# Work instructions:
Both the line below containing "Prompt: Jedi duelling, 4k, cinematic, realistic, vaporwave" and the line containing "The sculptures are", along with every line between them, should be repeated exactly; no other line belongs in the answer.

==== Data for review

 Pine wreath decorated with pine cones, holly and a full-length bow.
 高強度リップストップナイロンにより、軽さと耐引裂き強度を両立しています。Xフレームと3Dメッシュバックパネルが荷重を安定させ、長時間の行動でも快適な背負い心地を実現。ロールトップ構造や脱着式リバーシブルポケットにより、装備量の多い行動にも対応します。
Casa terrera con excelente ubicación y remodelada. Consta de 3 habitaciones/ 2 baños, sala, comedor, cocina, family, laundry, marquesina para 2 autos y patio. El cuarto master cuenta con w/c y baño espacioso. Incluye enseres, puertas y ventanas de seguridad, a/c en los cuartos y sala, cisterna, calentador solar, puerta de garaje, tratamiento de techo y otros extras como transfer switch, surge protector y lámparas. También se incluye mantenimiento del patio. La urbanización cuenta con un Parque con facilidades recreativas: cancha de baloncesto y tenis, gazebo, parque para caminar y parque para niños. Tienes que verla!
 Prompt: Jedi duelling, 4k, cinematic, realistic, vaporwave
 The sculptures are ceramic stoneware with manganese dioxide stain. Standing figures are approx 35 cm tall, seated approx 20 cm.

========
==== Data for review

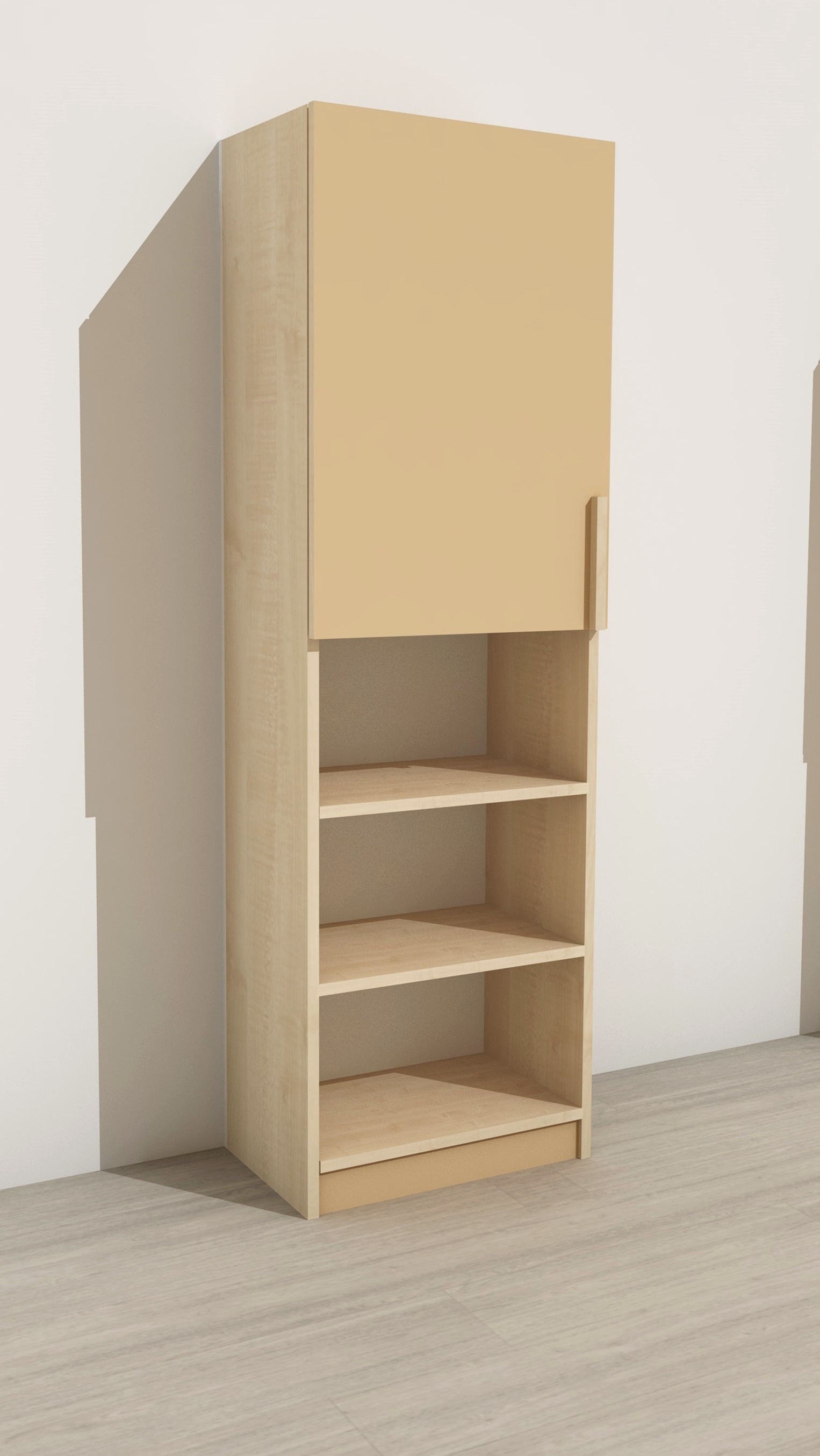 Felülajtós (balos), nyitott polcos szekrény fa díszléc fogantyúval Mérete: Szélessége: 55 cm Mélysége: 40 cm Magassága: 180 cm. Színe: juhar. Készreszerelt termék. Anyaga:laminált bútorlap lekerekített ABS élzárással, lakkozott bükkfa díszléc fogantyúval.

========

# Result of this exercise:
 Prompt: Jedi duelling, 4k, cinematic, realistic, vaporwave
 The sculptures are ceramic stoneware with manganese dioxide stain. Standing figures are approx 35 cm tall, seated approx 20 cm.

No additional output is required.